Work to be completed: Write out only the lines from the start of the entries up to and including the line with "Bu programda katılımcıların"; please skip the pictures.

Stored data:
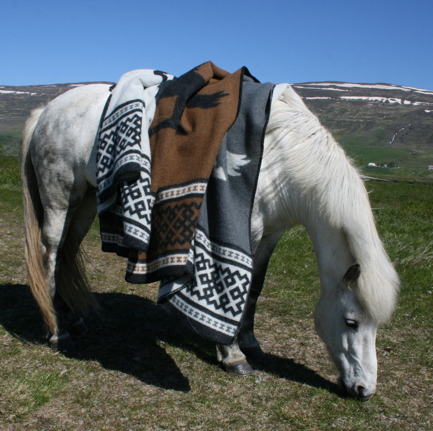 Mjúk og hlý ullarteppi með fallegu íslensku mynstri. Fáanlegt með Hesta mynstri eða Blómi Lífsins
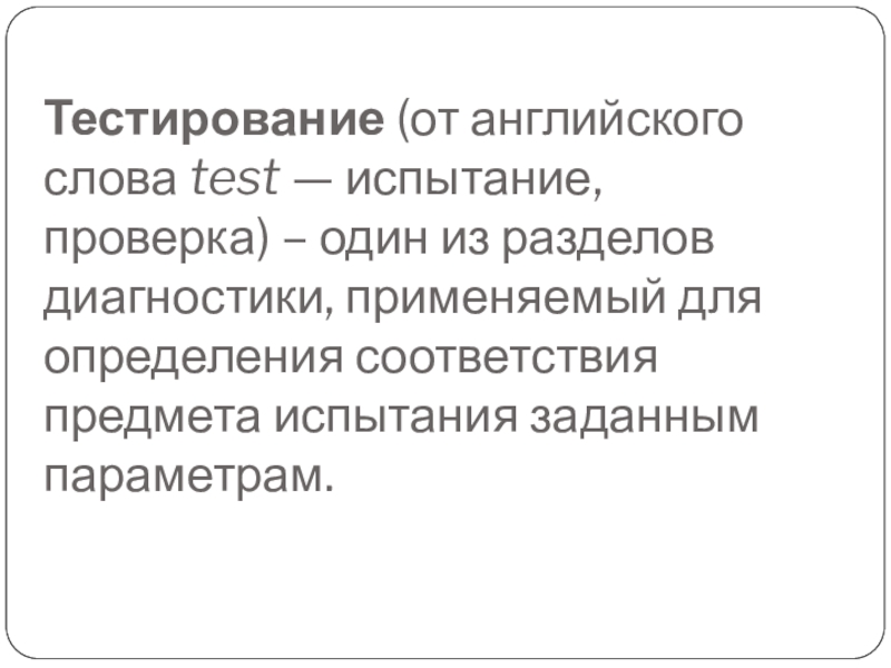Слайд 3Тестирование (от английского слова test — испытание, проверка) – один из разделов диагностики,
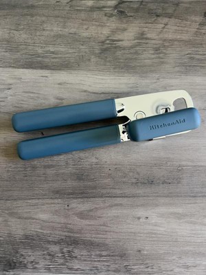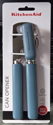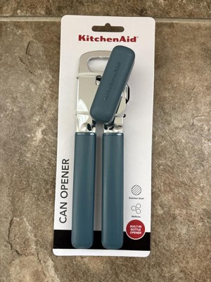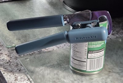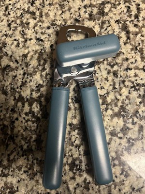I'm really pleased with this KitchenAid can opener. It seems to be really sturdy. It opens up cans easily with minimal effort. I really like the ocean blue color. I feel like this is durable and will last a really long time. Also has a bottle opener if you need that as well.
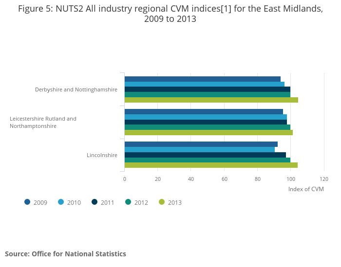 Figure 5: NUTS2 All industry regional CVM indices[1] for the East Midlands, 2009 to 2013
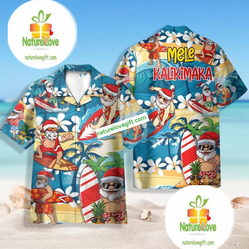 Order your Santa Surfing Mele Kalikimaka Christmas In July Blue Hawaiian Camp Shirt at Nature Love Gift! ❤️
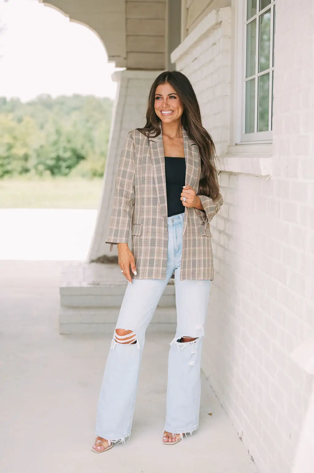 - Update your wardrobe with this timeless plaid oversized blazer – the perfect way to add the preppy-luxe look to your outfits. Featuring a taupe and black plaid pattern, a collared neckline with a classic cut, side pockets, and an interior satin lining, you’ll be looking chic and stylish in no time. What are you waiting for?
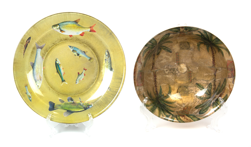 consisting of a bowl decorated with palm trees, and a charger with fish.
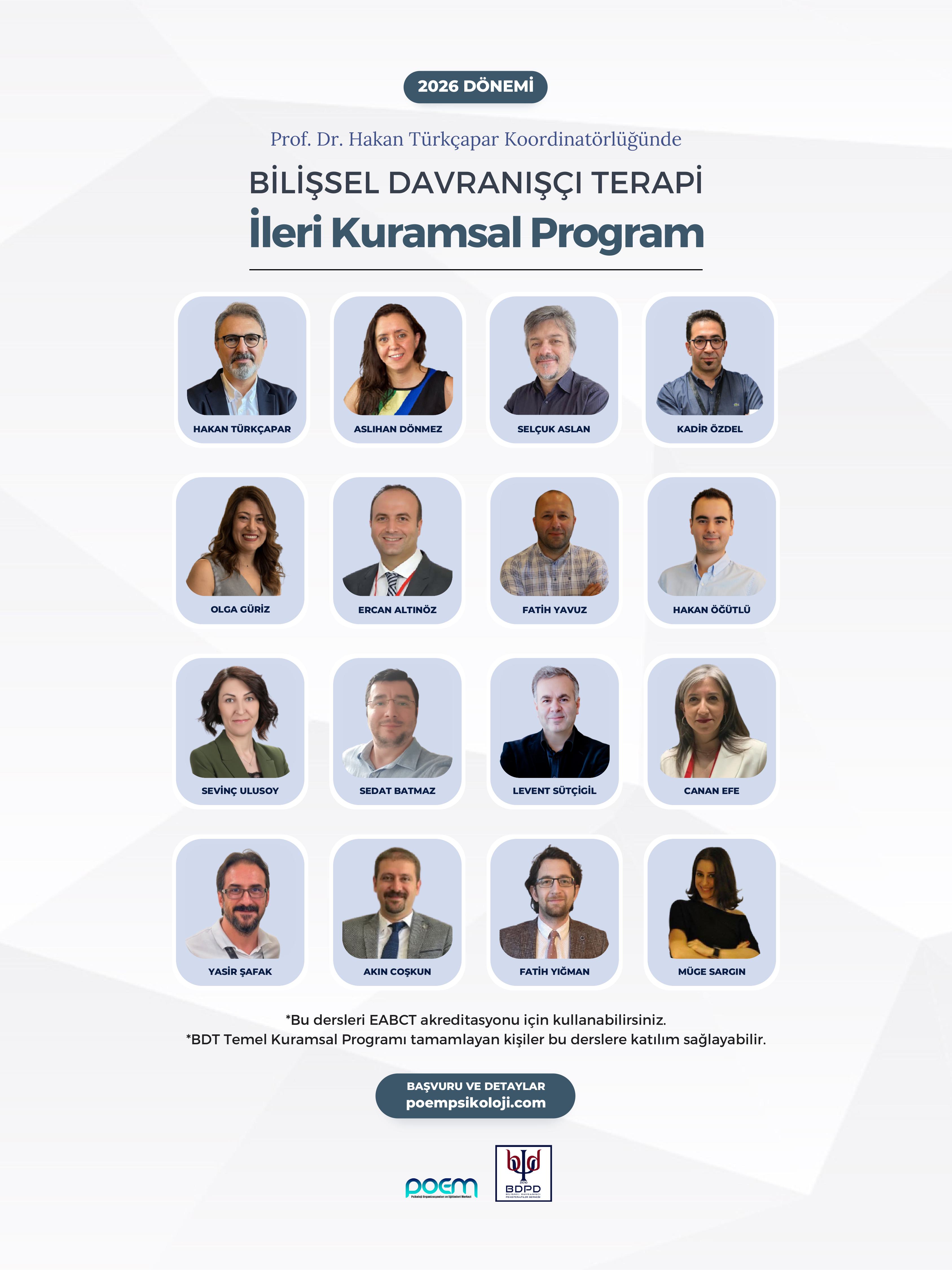 Bu programda katılımcıların bilişsel davranışçı terapiler içinde üçüncü dalga olarak adlandırılan “Kabul ve Kararlılık Terapisi” ve “Metakognitif Terapi” yanı sıra kronik ruhsal rahatsızlıklar ve kişilik bozukluklarının tedavisinde etkin şekilde kullanılan “Şema Terapi”, “Rasyonel Emotif Davranışçı Terapi” ve “Diyalektik Davranış Terapisi” hakkında genel bilgiler edinmesi amaçlanır.
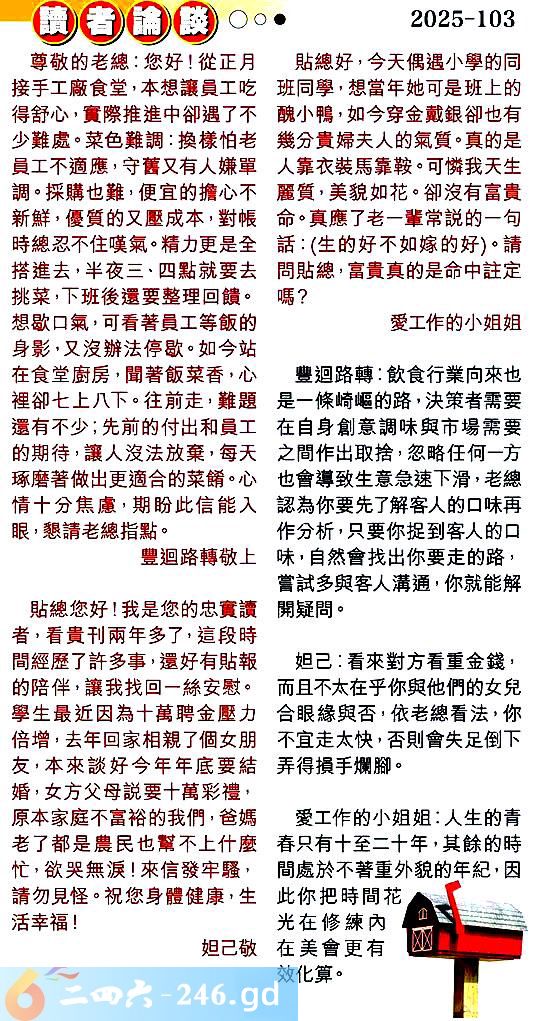 第一零二期讀者論談 1.尊敬的老總:您好!從正月接手工廠食堂,本想讓員工吃得舒心,實際推進中卻遇了不少難處。菜色難調:换樣怕老員工不適應,守舊又有人嫌單調。探購也難,便宜的擔心不新鮮,優質的又壓成本,對帳時總忍不住嘆氣。精力更是全搭進去半夜三、四點就要去挑菜,下班後還要整理回饋想歇口氣,可看著員工等飯的身影,又沒辦法停歇。如今站在食堂廚房,聞著飯菜香,心裡卻七上八下。往前走,難題還有不少;先前的付出和員工的期待,讓人沒法放棄,每天琢磨著做出更適合的菜饈。心情十分焦慮,期盼此信能入眼,懇請老總指點。豐迴路轉敬上 〖豐迴路轉〗:飲食行業向來也是一條崎嶇的路,決策者需要在自身創意調味與市場需要之間作出取捨,忽略任何一方也會導致生意急速下滑,老總認為你要先了解客人的口味再作分析,只要你捉到客人的口味,自然會找出你要走的路,嘗試多與客人溝通,你就能解開疑問。 2.貼總您好!我是您的忠實讀者,看貴刊兩年多了,這段時間經歷了許多事,還好有貼報的陪伴,讓我找回一絲安慰。學生最近因為十萬聘金壓力倍增,去年回家相親了個女朋友,本來談好今年年底要結婚,女方父母說要十萬彩禮,原本家庭不富裕的我們,爸媽老了都是農民也幫不上什麼忙,欲哭無淚!來信發牢騷,請勿見怪。祝您身體健康,生活幸福!妲己敬 〖妲己〗:看來對方看重金錢,而且不太在乎你與他們的女兒合眼緣與否,依老總看法,你不宜走太快,否則會失足倒下弄得損手爛腳。 3.貼總好,今天偶遇小學的同班同學,想當年她可是班上的醜小鴨,如今穿金戴銀卻也有幾分貴婦夫人的氣質。真的是人靠衣裝馬靠鞍。可憐我天生麗質,美貌如花。卻沒有富貴命。真應了老一輩常說的一句話:(生的好不如嫁的好)。請問貼總,富貴真的是命中註定嗎?愛工作的小姐姐 〖愛工作的小姐姐〗:人生的青春只有十至二十年,其餘的時間處於不著重外貌的年紀,因此你把時間花光在修練內在美會更有效化算。
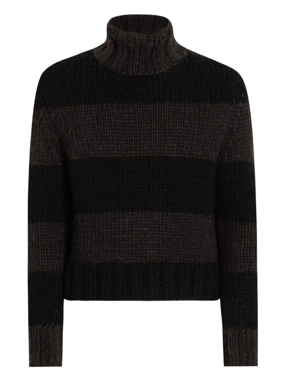 striped roll-neck sweater Highlights - Black and brown - Roll neck - Horizontal stripes - Long sleeves - Ribbed cuffs - Chunky knit Made in Italy Composition Wool 45%, Acrylic 35%, Cashmere 11%, Alpaca 9%
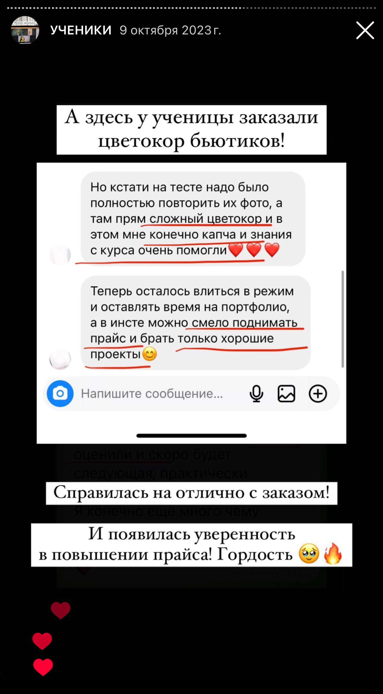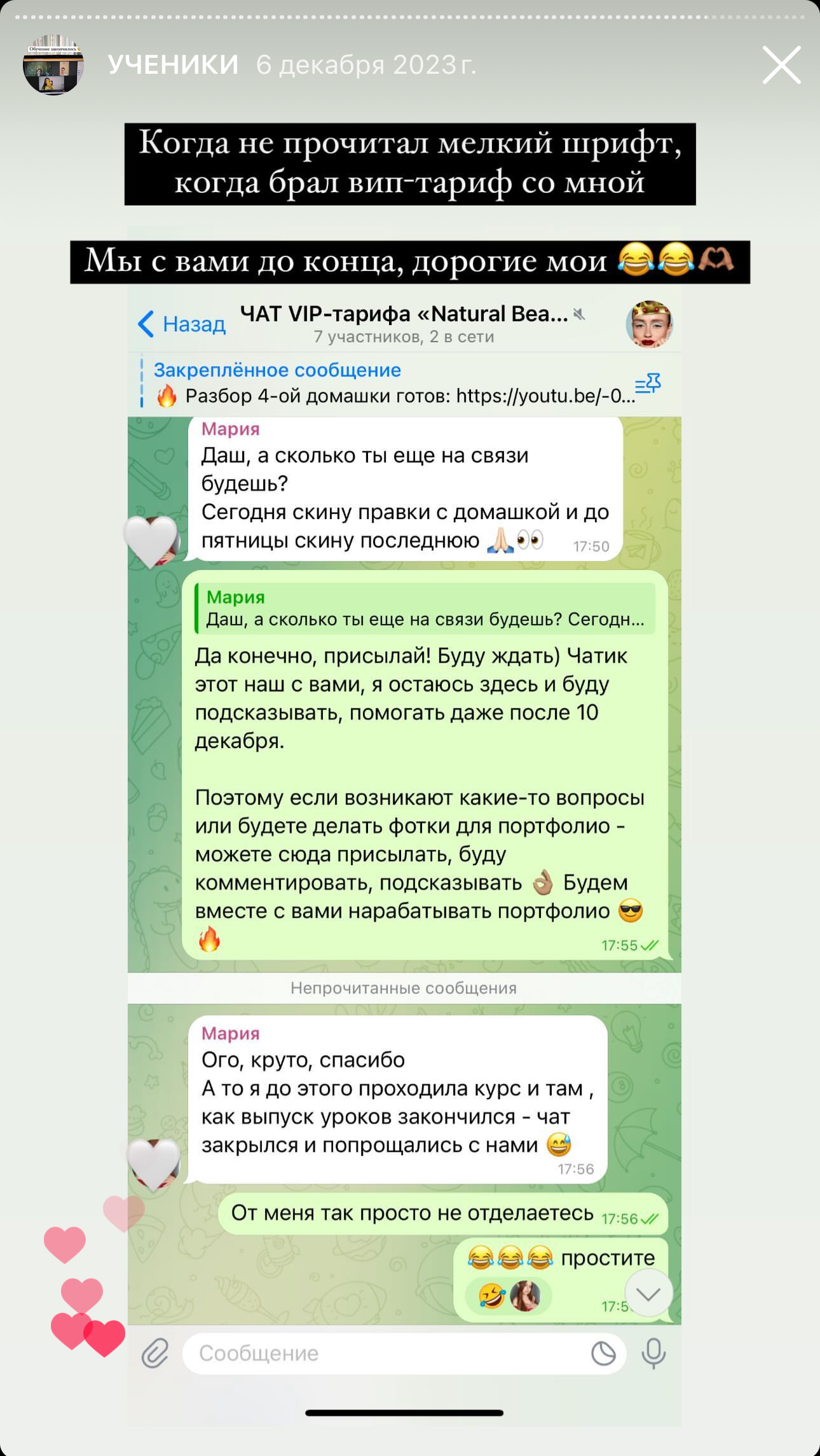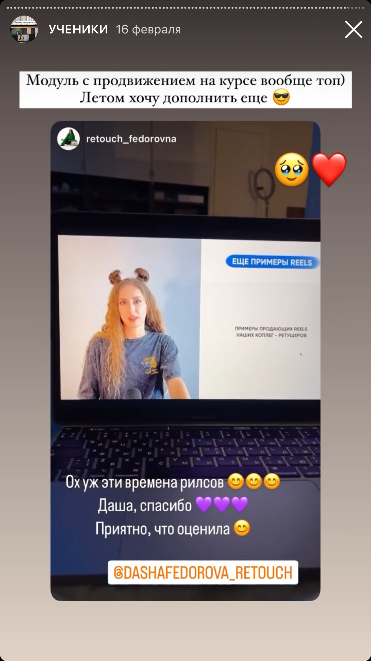 «Даша, спасибо за заботу об учениках)) так когда закончится доступ я не буду искать ответы на вопросы на сторонних источниках ❤️ Понравилась ёмкость материала, его структура, безусловно понятное знакомство с капчер, использую, но после ретуши), кисти, ими активно пользуюсь»
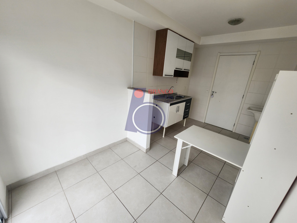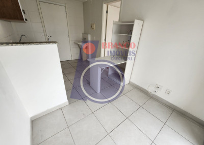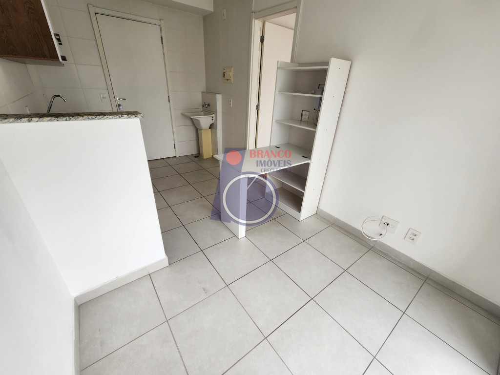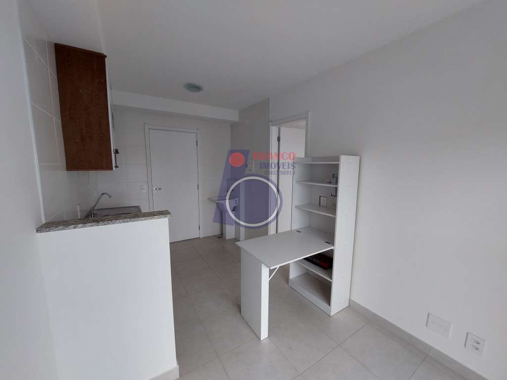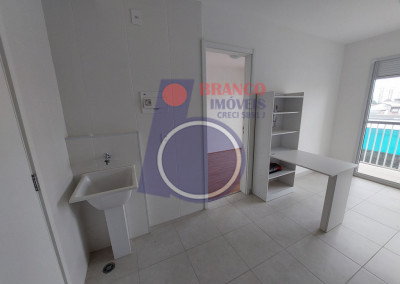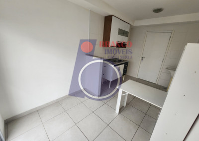 01 dormitório, Sala, Cozinha (com armário e mesa dobrável), WC, Lavanderia e uma Sacada ampla da sala até o quarto.
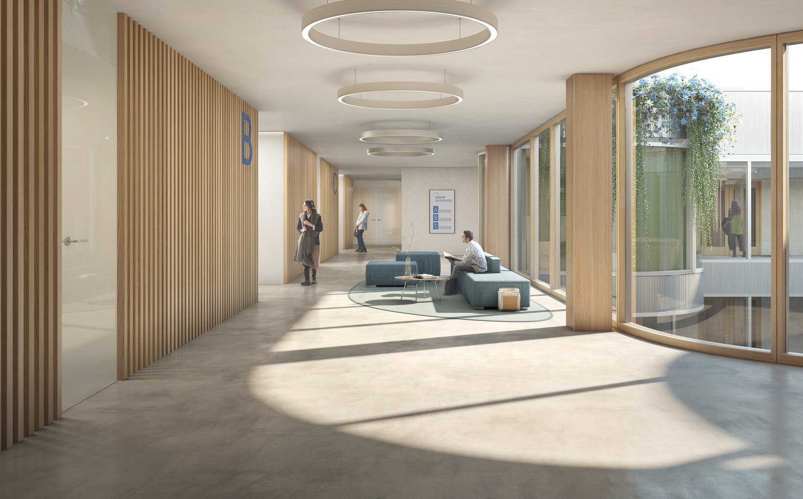 fsp: Der Neubau des Ambulanten Zentrums für das LUKS bildet zusammen mit dem Spitalplatz an der Schnittstelle zwischen Spitalareal und Stadt ein städtebauliches Bindeglied und ist zudem die erste Adresse des ortsbaulich neu strukturierten Areals. Das Volumen besteht aus einem teilweise unterirdischen Gebäudesockel, welcher die Höhe des Geländesprungs darstellt. Darüber werden zwei separate Körper mit spannungsvoller Höhendifferenz vorgeschlagen. Architektonisch wird gegen die Spitalstrasse die Eingangssituation mit einer Arkade und Fassadenrücksprung beim höheren Gebäudeteil markiert. Hier befindet sich zugleich der Haupteingang in das Zentrum und damit zu allen ambulanten Dienstleistungen. Daneben bildet die Cafeteria hier den zentralen Treffpunkt mit Aussenorientierung zum Spitalplatz hin. Auch an dieser Stelle befindet sich neu eine Arkade, welche den Spitalplatz flankiert und eine witterungsgeschützte und für Besucher gut lesbare Verbindung zur neu geplanten Vertikalerschliessung mit den Liften am Beginn der Freitreppe bildet. In beiden Gebäudeteilen sind zentral gelegene Innenhöfe vorgesehen. Diese dienen einerseits der räumlichen Gliederung der tiefen Gebäudekörper, der Orientierung für Patienten und Personal als auch der natürlichen Belichtung. Für den Sockelteil wird im Bereich der Promenade ein weiterer Innenhof zur Belichtung von Arbeitsplätzen und inneren Orientierung im Gebäude vorgesehen.
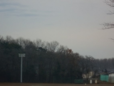 校庭の方を見ても、どんよりとしています。この時間に、いつもは右側にあるはずの
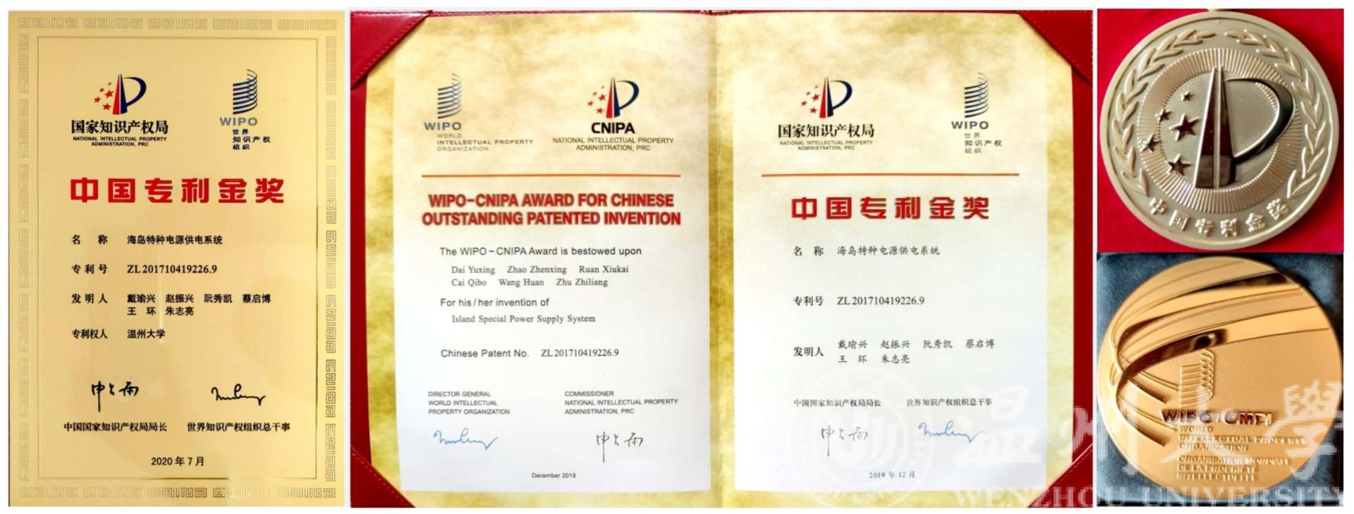 以区块链游戏 为专利权人、戴瑜兴教授为第一发明人的发明专利“海岛特种电源供电系统”凭借其国际领先的技术水平、显著的经济与社会效益,获第二十一届中国专利金奖。该奖项是区块链游戏 首次获得中国专利金奖,实现了区块链游戏 中国专利金奖零的突破,这也是温州市首次获得该项殊荣。

Result of this exercise:
 Mjúk og hlý ullarteppi með fallegu íslensku mynstri. Fáanlegt með Hesta mynstri eða Blómi Lífsins
Слайд 3Тестирование (от английского слова test — испытание, проверка) – один из разделов диагностики,
I'm really pleased with this KitchenAid can opener. It seems to be really sturdy. It opens up cans easily with minimal effort. I really like the ocean blue color. I feel like this is durable and will last a really long time. Also has a bottle opener if you need that as well.
 Figure 5: NUTS2 All industry regional CVM indices[1] for the East Midlands, 2009 to 2013
 Order your Santa Surfing Mele Kalikimaka Christmas In July Blue Hawaiian Camp Shirt at Nature Love Gift! ❤️
 - Update your wardrobe with this timeless plaid oversized blazer – the perfect way to add the preppy-luxe look to your outfits. Featuring a taupe and black plaid pattern, a collared neckline with a classic cut, side pockets, and an interior satin lining, you’ll be looking chic and stylish in no time. What are you waiting for?
 consisting of a bowl decorated with palm trees, and a charger with fish.
 Bu programda katılımcıların bilişsel davranışçı terapiler içinde üçüncü dalga olarak adlandırılan “Kabul ve Kararlılık Terapisi” ve “Metakognitif Terapi” yanı sıra kronik ruhsal rahatsızlıklar ve kişilik bozukluklarının tedavisinde etkin şekilde kullanılan “Şema Terapi”, “Rasyonel Emotif Davranışçı Terapi” ve “Diyalektik Davranış Terapisi” hakkında genel bilgiler edinmesi amaçlanır.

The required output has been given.